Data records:

○ ○ ○ ○

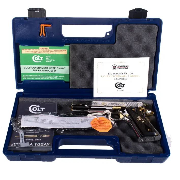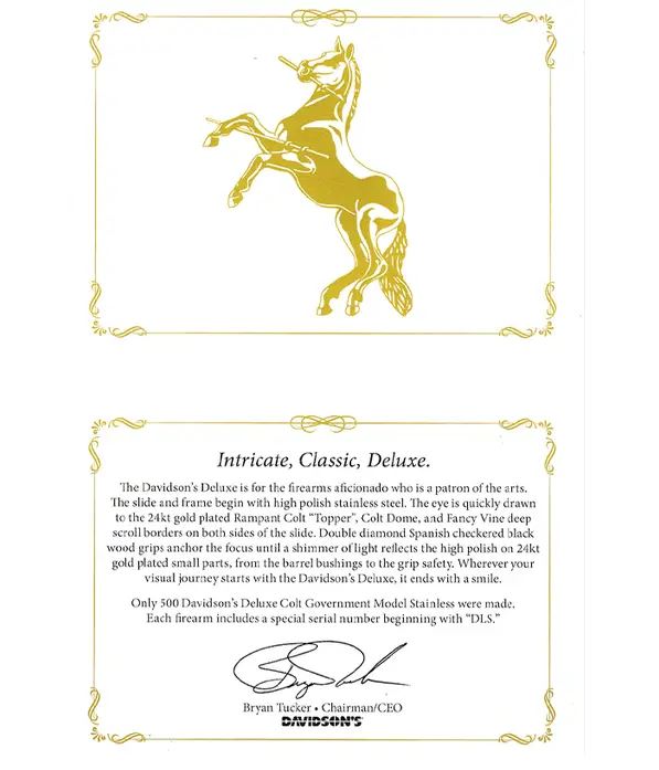 Davidson’s Deluxe Colt Government Model in stainless steel—one of the rarest and most intricately detailed Colt 1911s ever produced. This limited edition masterpiece is 1 of 500 and features an absolutely stunning combination of high-polish stainless, 24kt gold inlay, and intricate engravings that elevate it beyond a simple firearm. What’s more, this beauty is chambered in the highly sought-after 38 Super and comes with a 5” National Match barrel for unparalleled precision.
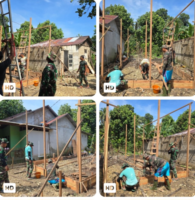 “Untuk sementara ini pengerjaan dilakukan membangun tiang rumah dan papan mal untuk mengecor pondasi bawah, semoga dengan adanya rumah yang di renovasi ini bermanfaat bagi pemilik rumah dan lebih nyaman dan kuat.” Ungkap Personel Satgas TMMD
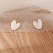 White Enamel Heart Love Stud Earrings
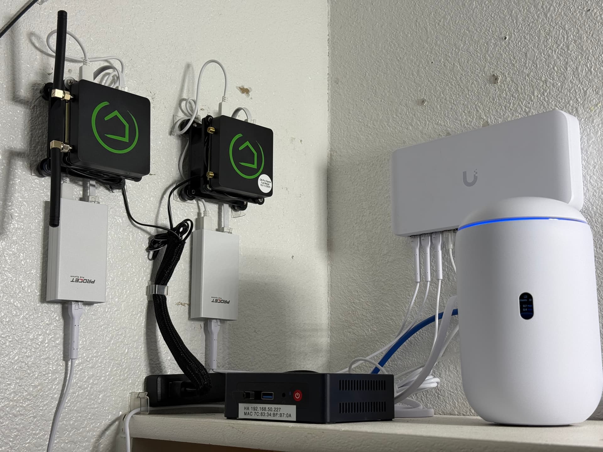 Looks like Ike we run a lot of the same stuff. I also have a mini PC running HA (bought it off Amazon with HA pre-installed), a UDR7 as my in house router, if that is the POE 8 port switch I have one of those. I bought it to be my switch off my UDR7, but I later switched all my cameras over to Unifi so I then put in a 24 port switch in the mini wrack and repurposed that switch to my out building where it serves several items including an access point.
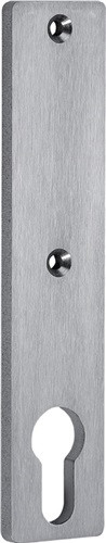Edelstahl rostfrei · kantige Form · 18 mm Führung · passend für alle Schlosskästen · Edelstahl rostfrei Schrauben werden mitgeliefert · Kurzschild mit 72 mm Entfernung PZ · Schraubenlochabstand 67 mm · Breite 32 mm · Höhe 156 mm · Tiefe 6 mm · blind ohne Drückerloch · Weitere technische Eigenschaften Schraublochabstand: 67mm • Ausführung: ohne Drückerloch
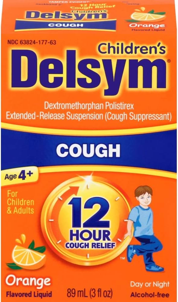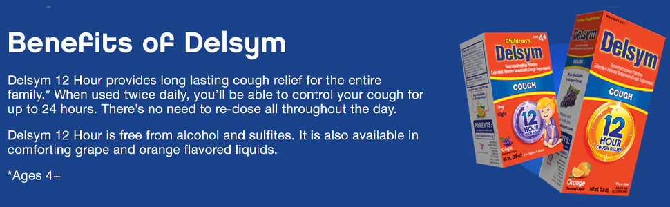 Delsym Children's Cough Suppressant Liquid for Children is a 12 Hour cough suppressant providing cough relief in Grape and Orange flavors that has a patented time-release medicine that goes to work fast to silence cough for a full 12 hours – up to 2 times longer than other cough liquids*. *Among OTC liquids per dose. Contains Dextromethorphan Polistirex Extended-Release Suspension (Cough Suppressant) for Children and Adults. Alcohol-Free medicine.
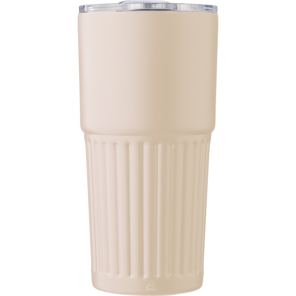 Újrahasznosított rozsdamentes acélból készült, duplafalú ivópohár (500 ml). Belső része 304-es, külső része 201-es rozsdamentes acél, bordázott fogófelülettel. AS fedéllel rendelkezik csúsztatható zárással. A palacktesten gravírozott recycled (újrahasznosított) alapanyagra utaló logó található. Darabonként barna kartondobozba csomagolva. Emblémázás: Körszita
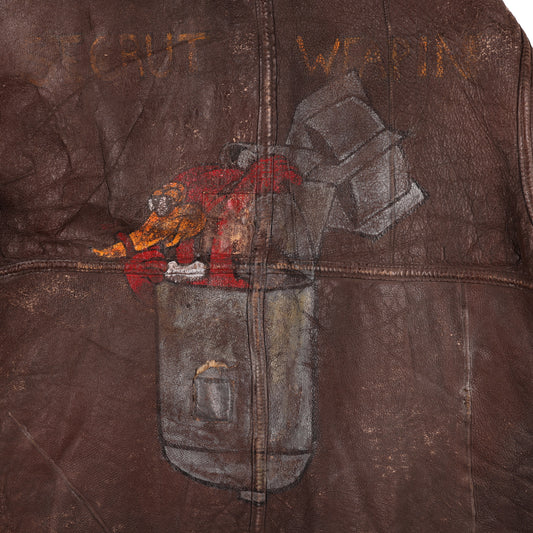 WWII USAAF Type D-1 Ground Crew Sheepskin Jacket by Werber Sportswear Co. with Hand Painted Secrut Weapin Nose Art (Size Medium)
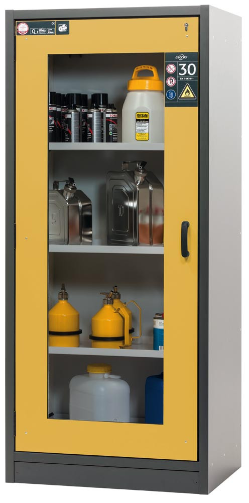 Gefahrstoffschrank m. Sichtfenstertüren, BxTxH 864x620x1947 mm, 3 Böden, 1 Bodenwanne, 1 Lochblech, FWF 30, ähn. RAL 7016/3020 E1988314
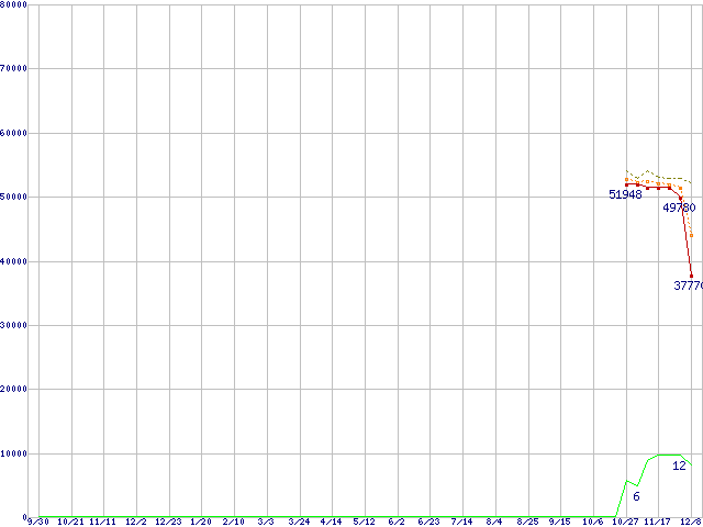 | Athlon 64 X2 5200+ (2.6GHz,L2 1MB×2)の価格推移 | | | (2005年9月30日~2006年12月8日) |
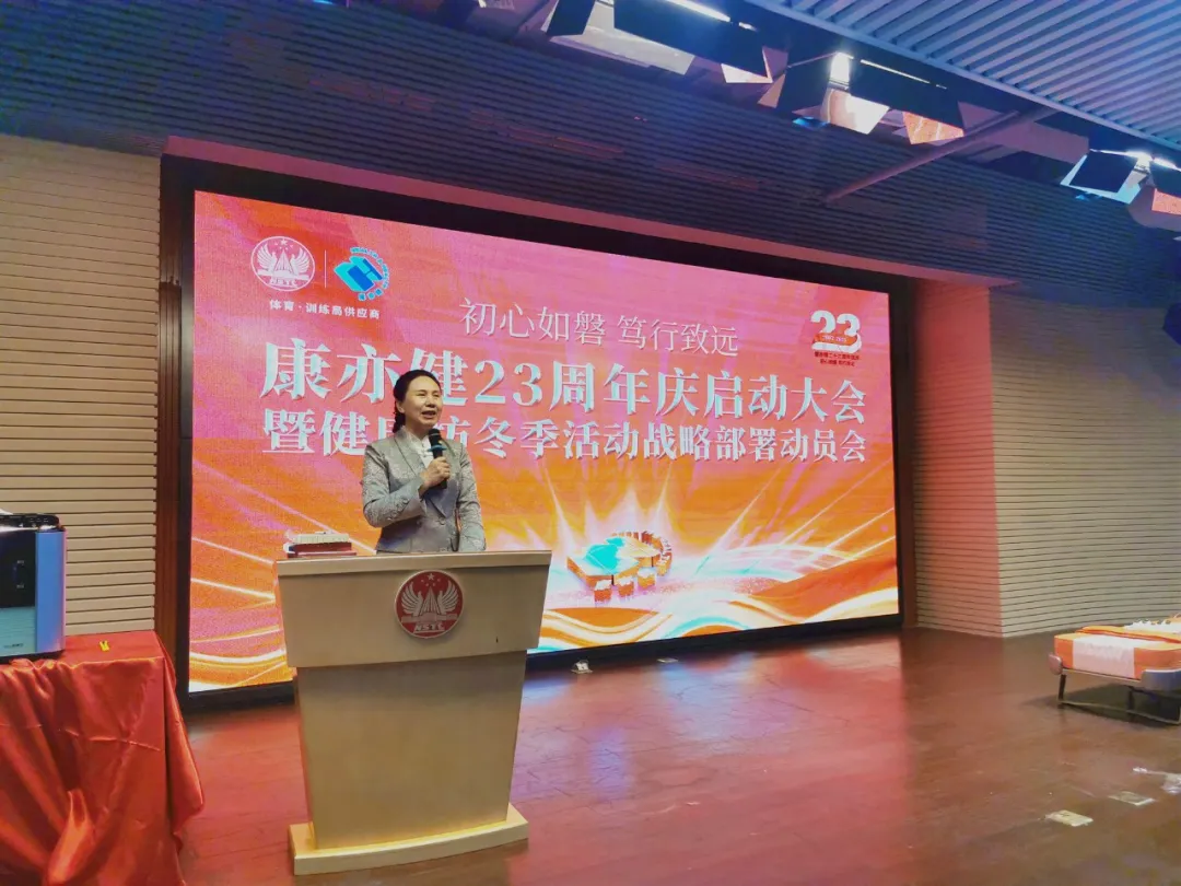 作为康亦健的战略伙伴,国家体育总局训练局副局长周秋瑞亲临会议现场,并对康亦健 23 周年表达了热烈祝贺。她表示:“康亦健多年来始终致力于中国体育,为推动体育事业的发展做出了积极贡献。在过去的合作中,我们见证了康亦健的成长与进步,也看到了他们为提升全民健康水平所付出的努力。值此 23 周年之际,我代表国家体育局训练局,向康亦健表示最诚挚的祝贺,祝愿康亦健在未来的发展中取得更加辉煌的成就!”
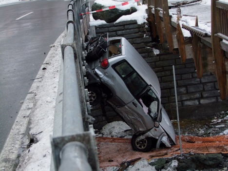 Ausgangs einer Linkskurve auf der Höhe Ravaisch geriet ein Automobilist mit seinem Fahrzeug ins Schleudern. Nachdem das Auto in die Leitplanke einer Brücke geprallt war, wurde es über die Leitplanke katapultiert. Der Personenwagen kam mit der Front im Schergenbach zum Stillstand. Der Lenker, der allein unterwegs war, blieb unverletzt. Da der durchgeführte Atemlufttest positiv ausfiel, wurde eine Blutprobe angeordnet. Am Auto entstand Totalschaden.
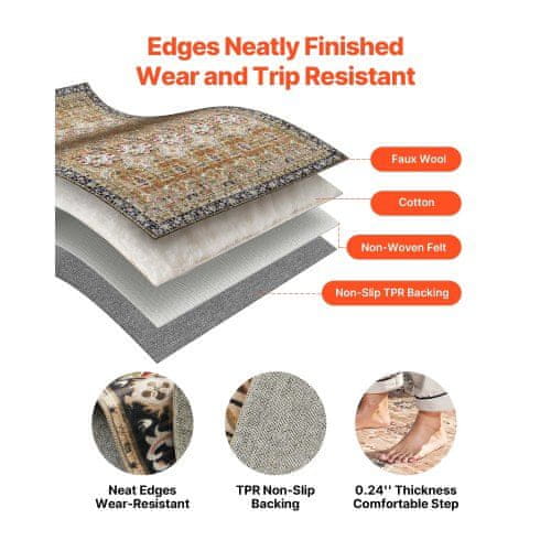 Ta velik pralni preproga ponuja popolno kombinacijo udobja vzdržljivosti in stila za vaš dom. Oblikovana z mehko žametno površino in nedrsečo podlago zagotavlja prijetno in varno okolje tako za otroke kot hišne ljubljenčke. Njegov vintage videz in vsestranska barvna paleta jo naredijo primerno za različne prostore vključno s spalnicami dnevnimi sobami otroškimi sobami in pisarnami.
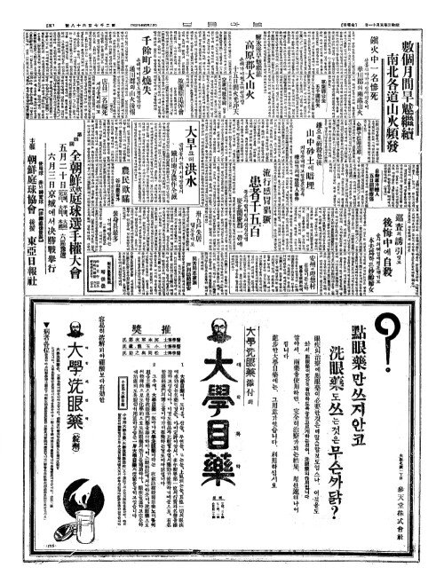 - 數個月間旱魃繼續(수개월간한발계속) 南北各道山火頻發(남배각도산화빈발)
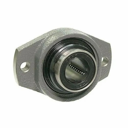 Flanged linear block made from stainless steel. Features 50 HRC hardness, round hole shape, polished finish, 8mm thickness, and 2 Kg weight. Packaged in a box.
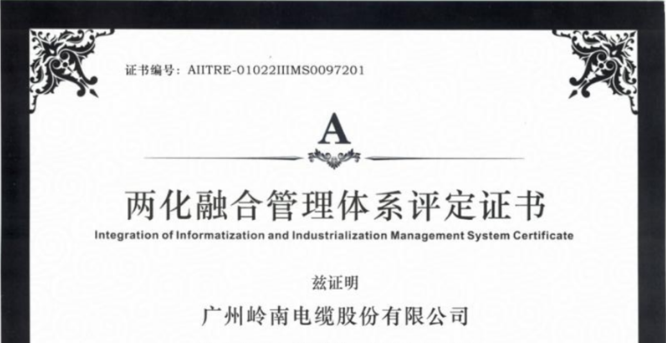 近日,sunbet申搏控股公司广州岭南电缆股份有限公司(以下简称“岭南电缆”)顺利通过国家工业和信息化部《信息化和工业化融合管理体系 要求》(GB/T 23001-2017)及《信息化和工业化融合管理体系 新型能力分级要...

○ ○ ○ ○

In the data above, find the line containing "White Enamel Heart Love Stud Earrings" and the line containing "Edelstahl rostfrei ·". Copy exactly the stretch from the first through the second, both included, leaving out any picture.

EXERCISE RESULT –
 White Enamel Heart Love Stud Earrings
 Looks like Ike we run a lot of the same stuff. I also have a mini PC running HA (bought it off Amazon with HA pre-installed), a UDR7 as my in house router, if that is the POE 8 port switch I have one of those. I bought it to be my switch off my UDR7, but I later switched all my cameras over to Unifi so I then put in a 24 port switch in the mini wrack and repurposed that switch to my out building where it serves several items including an access point.
Edelstahl rostfrei · kantige Form · 18 mm Führung · passend für alle Schlosskästen · Edelstahl rostfrei Schrauben werden mitgeliefert · Kurzschild mit 72 mm Entfernung PZ · Schraubenlochabstand 67 mm · Breite 32 mm · Höhe 156 mm · Tiefe 6 mm · blind ohne Drückerloch · Weitere technische Eigenschaften Schraublochabstand: 67mm • Ausführung: ohne Drückerloch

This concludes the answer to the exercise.